More claims without evidence!
Please show us such bubbles in video that is not obviously and openly showing pre-flight training in pools (the only way to simulate long periods of working in a weightless environment on Earth).
The only bubbles I’ve ever seen were obviously the opposite of the bubbles you get in a swimming pool; they were very obviously weightless blobs OF water within the air, not the reverse as we see in pools on earth. The astronauts were laughing and playing with the bubbles, catching them in their mouths, with no helmets on. If that had been under water, they would have drowned.
“Luca Parmitano even almost drowned when water started filling up his helmet”:
He certainly did, and the same problem happened during the recent live broadcast of British astronaut Tim Peake’s first space walk from the International Space Station. His companion was being blinded by blobs of water floating weightless in his helmet, and the walk had to be cut short.
Interestingly, this was the same spacesuit that Parmitano was wearing on the previous occasion. Sounds like a persistent fault.
So where did the water come from? There were two possible sources, and we can tell which one it was in this case.

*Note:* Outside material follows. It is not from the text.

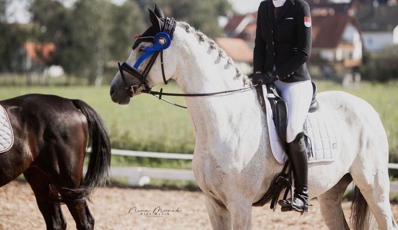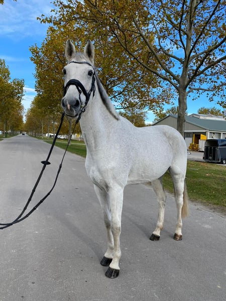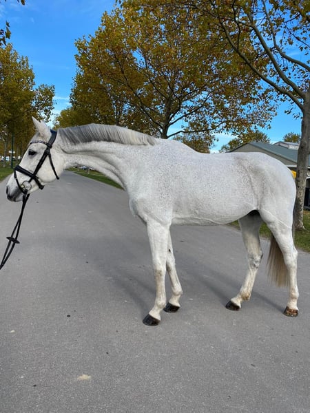 Quitschie is a mare born in 2015, approximately 16.1 hh, an Oldenburg by Casiro II out of Balou du Rouet. Quitschie is truly an all-rounder: - Placed in A** dressage competitions, suitable for L dressage - Placed in A** show jumping - Successful in L-level jumping - Competed in eventing up to the L class She enjoys her daily work, is always motivated and attentive. The mare is very brave and well-behaved under saddle. She responds to subtle aids and moves softly in contact. Not suitable for complete beginners, as she requires a rider who is able to ride her with finesse and consistency. Quitschie has a very good, active walk with plenty of freedom of movement, as well as a good canter with high collection potential. In handling, she is a true treasure—very friendly and curious. She is farrier- and loading-friendly.
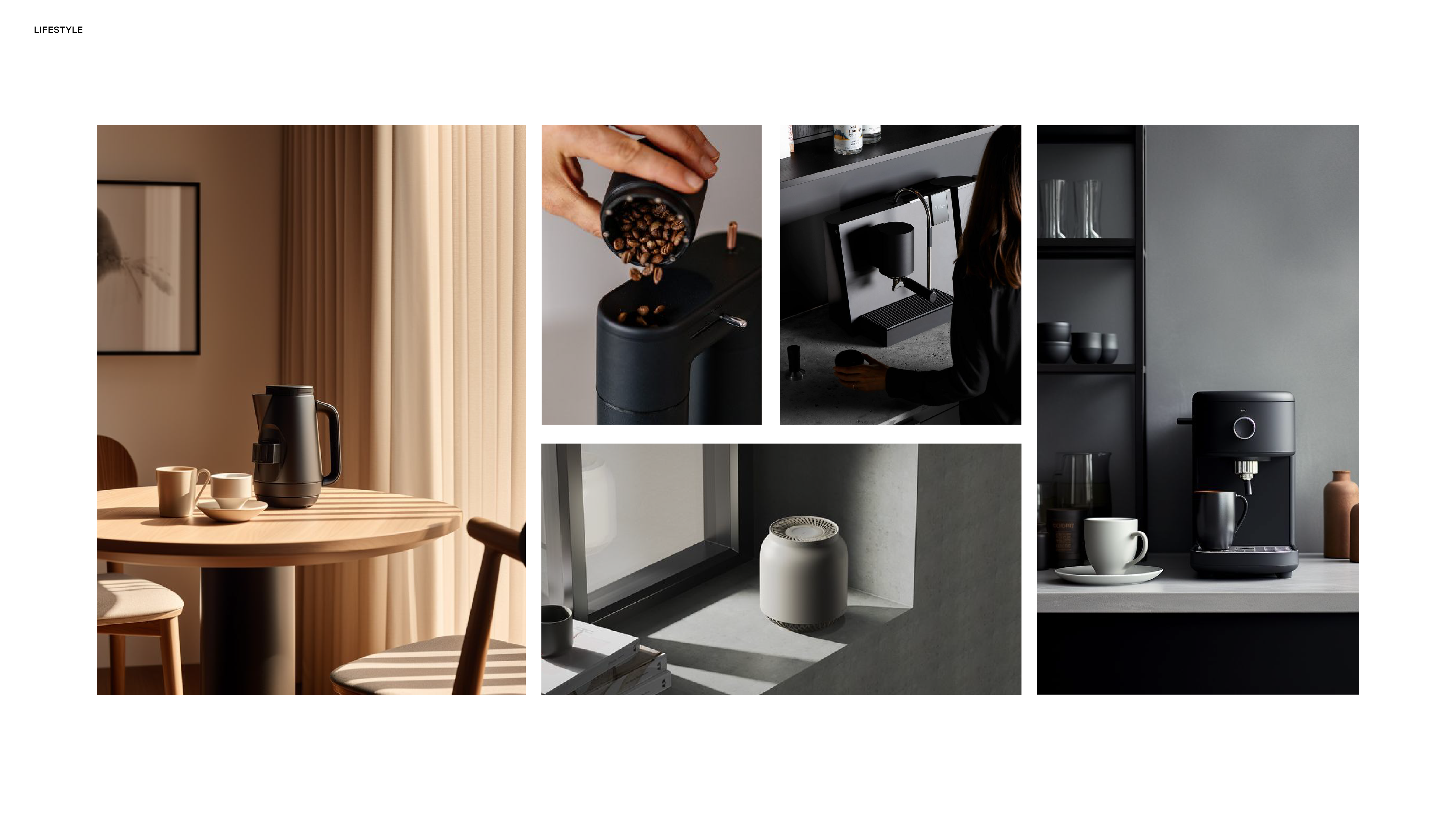 Hero imagery is clean and controlled, using warm neutrals and sculpted lighting to emphasize material quality and form. Technical close-ups and transparency-inspired visuals communicate innovation and trust. Lifestyle scenes place the machine within modern, minimal interiors, showing it as part of a daily ritual rather than a standalone object.

The astronauts need water to drink, of course, during walks lasting for hours. If that leaks, the water will be coming from the front, up into their faces.That’s not what happened in these two case, though.
The astronauts reported that the water was coming from behind their heads, over the top.
The other source is the cooling system in the space suit. The sun gets very hot, and water is cooled and circulated to counteract that heat. If that leaks into the helmet, it will come from behind, and over the top of the wearer’s head. And that’s what happened in these two cases.
Nasa or the suit’s manufacturers will send you blueprints of how the suits work, if you want the details. And let’s have the raw video you mention in point 164, the detailed analysis, the qualification of those who did it, and any other evidence.